··· Task data ···

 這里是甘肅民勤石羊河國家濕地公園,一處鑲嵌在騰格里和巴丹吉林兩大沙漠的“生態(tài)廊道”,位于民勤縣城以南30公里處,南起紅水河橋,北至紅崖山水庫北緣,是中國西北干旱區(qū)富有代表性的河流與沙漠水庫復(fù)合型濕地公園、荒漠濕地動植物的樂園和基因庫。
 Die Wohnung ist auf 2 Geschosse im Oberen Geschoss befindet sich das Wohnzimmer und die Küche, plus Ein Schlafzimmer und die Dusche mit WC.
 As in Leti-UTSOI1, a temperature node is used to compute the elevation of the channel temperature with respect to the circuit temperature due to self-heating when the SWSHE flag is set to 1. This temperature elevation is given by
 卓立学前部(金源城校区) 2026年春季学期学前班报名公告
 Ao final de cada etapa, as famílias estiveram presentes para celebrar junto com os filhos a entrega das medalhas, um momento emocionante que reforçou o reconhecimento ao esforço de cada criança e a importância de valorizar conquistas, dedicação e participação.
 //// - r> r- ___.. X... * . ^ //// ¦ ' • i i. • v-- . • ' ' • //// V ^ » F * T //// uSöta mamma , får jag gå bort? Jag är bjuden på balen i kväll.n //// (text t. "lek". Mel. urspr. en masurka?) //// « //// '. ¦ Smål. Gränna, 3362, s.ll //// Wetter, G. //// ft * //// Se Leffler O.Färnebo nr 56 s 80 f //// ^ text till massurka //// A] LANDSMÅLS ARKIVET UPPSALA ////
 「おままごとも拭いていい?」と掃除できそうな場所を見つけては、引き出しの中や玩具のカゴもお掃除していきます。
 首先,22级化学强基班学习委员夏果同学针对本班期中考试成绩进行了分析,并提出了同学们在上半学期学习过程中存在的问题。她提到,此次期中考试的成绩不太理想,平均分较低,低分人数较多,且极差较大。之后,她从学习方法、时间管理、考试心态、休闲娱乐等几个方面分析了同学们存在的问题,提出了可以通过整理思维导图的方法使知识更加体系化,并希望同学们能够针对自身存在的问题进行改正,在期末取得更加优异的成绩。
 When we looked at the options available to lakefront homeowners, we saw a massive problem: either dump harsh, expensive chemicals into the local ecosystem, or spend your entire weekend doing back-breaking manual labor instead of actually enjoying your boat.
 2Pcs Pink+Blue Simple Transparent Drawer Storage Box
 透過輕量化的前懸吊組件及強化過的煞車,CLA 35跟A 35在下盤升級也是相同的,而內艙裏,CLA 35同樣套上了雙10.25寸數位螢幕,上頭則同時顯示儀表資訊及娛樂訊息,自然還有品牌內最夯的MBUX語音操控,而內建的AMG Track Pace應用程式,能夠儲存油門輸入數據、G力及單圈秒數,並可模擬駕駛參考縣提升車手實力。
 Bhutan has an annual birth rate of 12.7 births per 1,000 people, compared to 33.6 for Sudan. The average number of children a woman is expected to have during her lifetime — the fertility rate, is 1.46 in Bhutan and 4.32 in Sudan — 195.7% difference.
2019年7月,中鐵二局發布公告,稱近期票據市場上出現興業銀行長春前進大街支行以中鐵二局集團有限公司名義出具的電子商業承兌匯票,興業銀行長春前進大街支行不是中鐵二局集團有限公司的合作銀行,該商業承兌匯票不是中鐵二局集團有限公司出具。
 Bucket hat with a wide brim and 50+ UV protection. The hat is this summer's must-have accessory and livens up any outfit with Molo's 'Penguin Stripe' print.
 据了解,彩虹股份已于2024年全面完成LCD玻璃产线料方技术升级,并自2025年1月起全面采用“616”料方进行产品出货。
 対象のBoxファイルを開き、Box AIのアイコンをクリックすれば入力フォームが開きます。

···

- Requirement
Copy whichever lines above contain the string "with".

- Task answer
 As in Leti-UTSOI1, a temperature node is used to compute the elevation of the channel temperature with respect to the circuit temperature due to self-heating when the SWSHE flag is set to 1. This temperature elevation is given by
 Bucket hat with a wide brim and 50+ UV protection. The hat is this summer's must-have accessory and livens up any outfit with Molo's 'Penguin Stripe' print.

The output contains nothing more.